Prove that the gradient of an electric potential V(r) which depends only on the distance r=(x^2 + y^2 + z^2)^1/2 from the origin has the vlaue gradV(r) = V'(r)r-hat where r-hat := r/r is a unit vector in the direction of r, and V'(r) := dV(r)/dr. Use this to evaluate the electric field E= -gradV(r) for the Coulomb potential
V(r)= kq/r from a point charge +q, where k=1/(4*pi*E0)

E0 stands for epsilon.

My question is:

I proved that gradV(r) = V'(r)r-hat. How do I evaluate the electric field for the Coloumb potential? Would I take the gradient of V(r)=kq/r? I don't get what I need to do.

 

[Doc Al]

Originally posted by jlmac2001
How do I evaluate the electric field for the Coloumb potential? Would I take the gradient of V(r)=kq/r?

Yes.

 

[jlmac2001]

does this look right?

This is the answer i got:

kq*(x^2+y^2+z^2)^1/2 /(xi+yj+zk)

 

[Doc Al]

Originally posted by jlmac2001
This is the answer i got:

kq*(x^2+y^2+z^2)^1/2 /(xi+yj+zk)

Check your work.
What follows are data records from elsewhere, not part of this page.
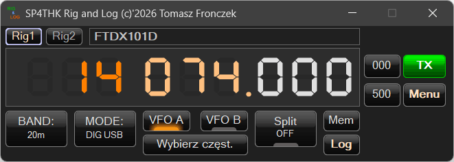 Na górze jest nazwa wybranego RIG z omnirig, lub alias(nazwa) połączenia hamlib. Poniżej jest częstotliwość radia .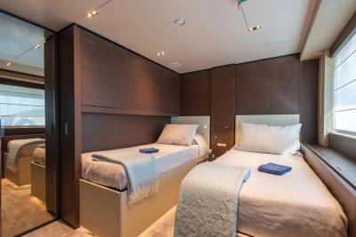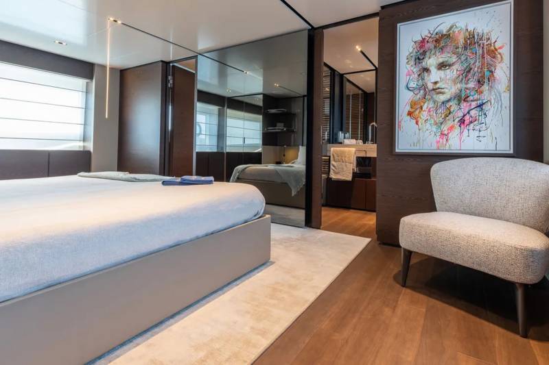 Acqua sleeps 11 guests across five serene staterooms. The Owner’s suite is on the main deck, full-beam and flooded with light. Below, four additional cabins – including a twin with Pullman – cater to friends, family, or staff. Each room offers sleek ensuite bathrooms and elegant, contemporary finishes.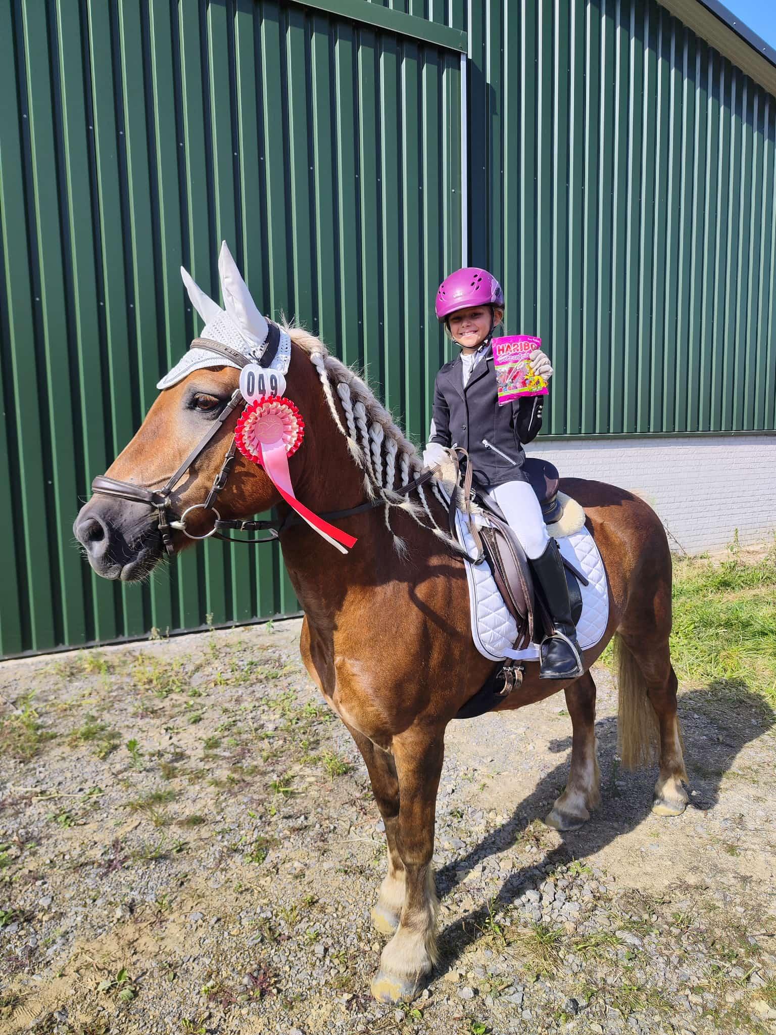 4ter Platz im Schritt-Trab-Galopp WB für Elaina Matas mit Jake sowie 3ter Platz Springreiter WB, WN 7,6 im Reitstall Schmitz in Kaarst.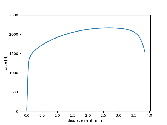 Na bazie danych eksperymentalnych należy wyznaczyć moduł Younga oraz krzywą wzmocnienia plastycznego - moduł Calibration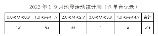 2023年1-9月地震監測情況
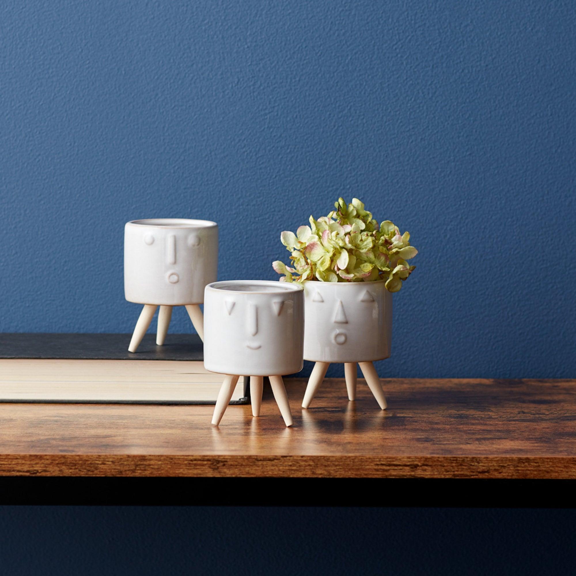 Display your plants in style with this chic set of glazed Decorative Porcelain Face Pots. Featuring three assorted designs, the fun smiley-face design paired with the natural wooden and white hues is the perfect combination to create a stunning display. The quality terracotta and glaze finish is sure to last for seasons to come. Complete the look by dropping in a faux potted plant or succulent.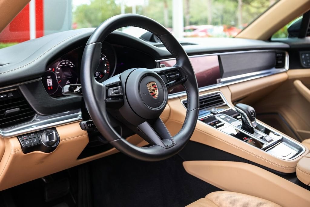 Ferrari of Naples is proud to present this elegantly specified 2023 Porsche Panamera Platinum Edition, finished in stunning Aventurine Green Metallic over a refined Black/Luxor Beige leather interior. With just 6,793 miles and one owner from new, this Panamera represents a perfect blend of luxury, performance, and cutting-edge technology. The Platinum Edition enhances the Panamera with exclusive design elements and premium standard equipment, while this example is further equipped with desirable options including Rear Axle Steering, Porsche InnoDrive, Massage Seats, and Surround View. With an original MSRP of $117,260, this is a beautifully optioned luxury sport sedan. Factory Options & Equipment Aventurine Green Metallic Exterior Leather Interior in Black / Luxor Beige Assistance Package Porsche InnoDrive (Adaptive Cruise Control + Active Lane Keep) Traffic Jam Assist Head-Up Display Surround View Camera System Rear Axle Steering incl. Power Steering Plus Massage Front Seats with Ventilation Heated GT Sport Steering Wheel Power Rear Side Window Sunblinds USB-C Interface (Rear) Preparation for Tailgate Foil At Ferrari of Naples, we offer an exclusive selection of luxury and performance vehicles, backed by unparalleled customer service. Our team is dedicated to providing a seamless and personalized buying experience, ensuring that each vehicle meets the highest standards of quality and performance. Phone: (239) 256-1400 Email: smora@newcountry.com Address: 11291 Tamiami Trail N, Naples, FL 34110 Please call or email today to schedule your private viewing or request a personalized video tour of this exceptional 2023 Porsche Panamera Platinum Edition.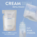 - Use scissors to open the pouch and refill the empty Cream Skin bottle.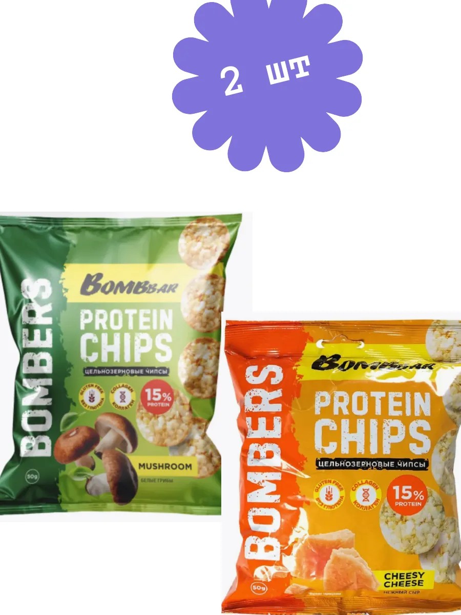| Комплектация | Протеиновые чипсы цельнозерновые Сыр; протеиновые чипсы белые грибы |
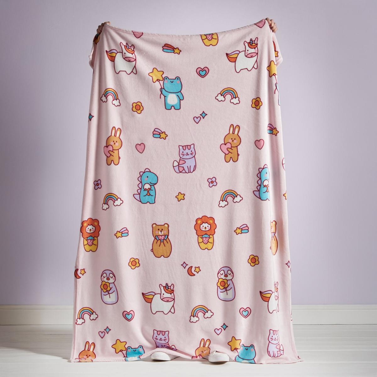 I love this throw for its playful and cosy vibe, making it perfect for adding a touch of fun to a child's bedroom or a relaxed living space. Its soft pastel tones and whimsical unicorn and animal motifs make it versatile for both contemporary and more playful decor styles. Styling tip: drape it casually over a sofa or bed for a welcoming, lived-in look, or fold it neatly at the foot of a bed to add a cosy layer without overwhelming the space. It works well with neutral tones for a subtle pop of colour or in a pastel palette for a sweet, coordinated look. Its size makes it practical for snuggling or light layering during cooler days.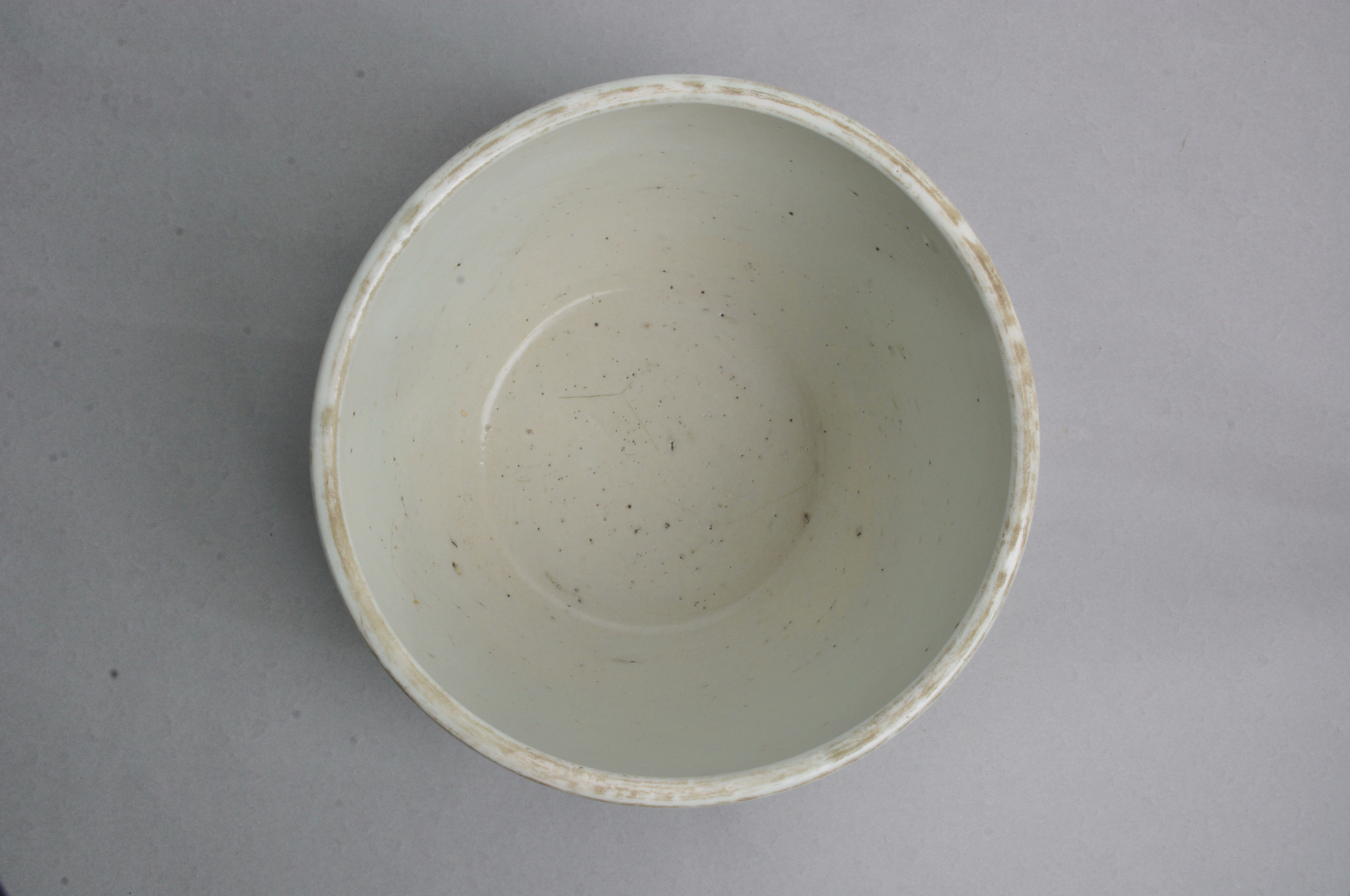 白釉青花。口微敞,深弧腹,圈足,平底,内外均施白釉,足圈刮釉。腹壁近口沿处饰弦纹,卷草纹,中下部饰海水云龙纹。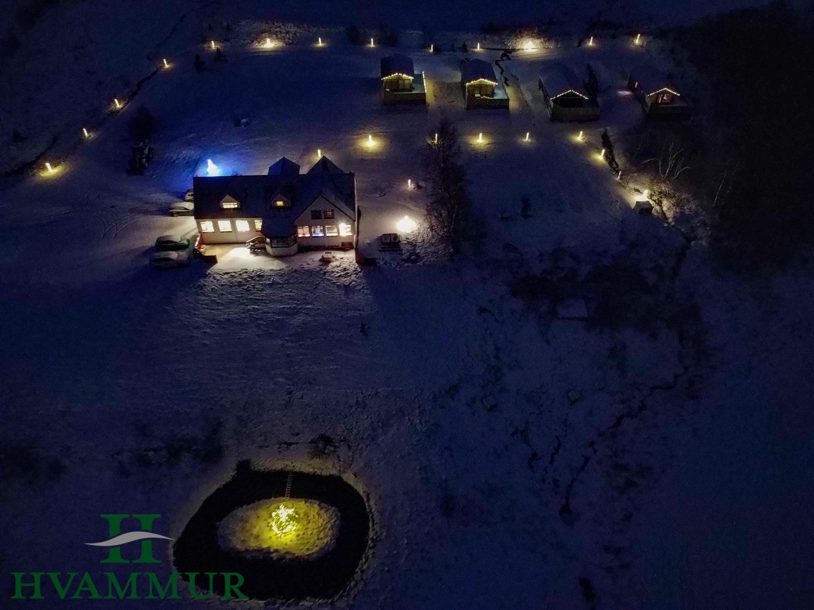 Hellulögð verönd er sunnan við húsið og með vesturhlið auk þess hellulögð stétt með með austurhlið hússins. Heitur pottur er sunnan við húsið (bilaður sem stendur). Stór bílaplan er norðan við húsið og heimreið að frístundahúsunum. Sér bílastæði er við hvert hús.

Your answer must be equivalent to:
$$\frac{kq}{r^2}\hat{r}$$

 

[jlmac2001]

i tried it again

this time i got, -kq(xi+yj+zk)/(r^5)

 

[Doc Al]

I'm not sure what you're doing, but keep trying. You're probably making some simple error. Here's how I did it:

If you use spherical coordinates, the gradient is trivial to calculate. By symmetry, the gradient must be along the $\hat{r}$ direction. So E = -grad(V)= -kq(∂/∂r)(1/r), which gives $\frac{kq}{r^2}\hat{r}$.

If you wish to use cartesian coordinates, no problem:
$$V = \frac{kq}{(x^2 + y^2 + z^2)^\frac{1}{2}}$$
so, -grad(V) =
$$\frac{kq}{(x^2 + y^2 + z^2)^\frac{3}{2}}(x\hat{i}+y\hat{j}+z\hat{k}) = \frac{kq}{r^2}\hat{r}$$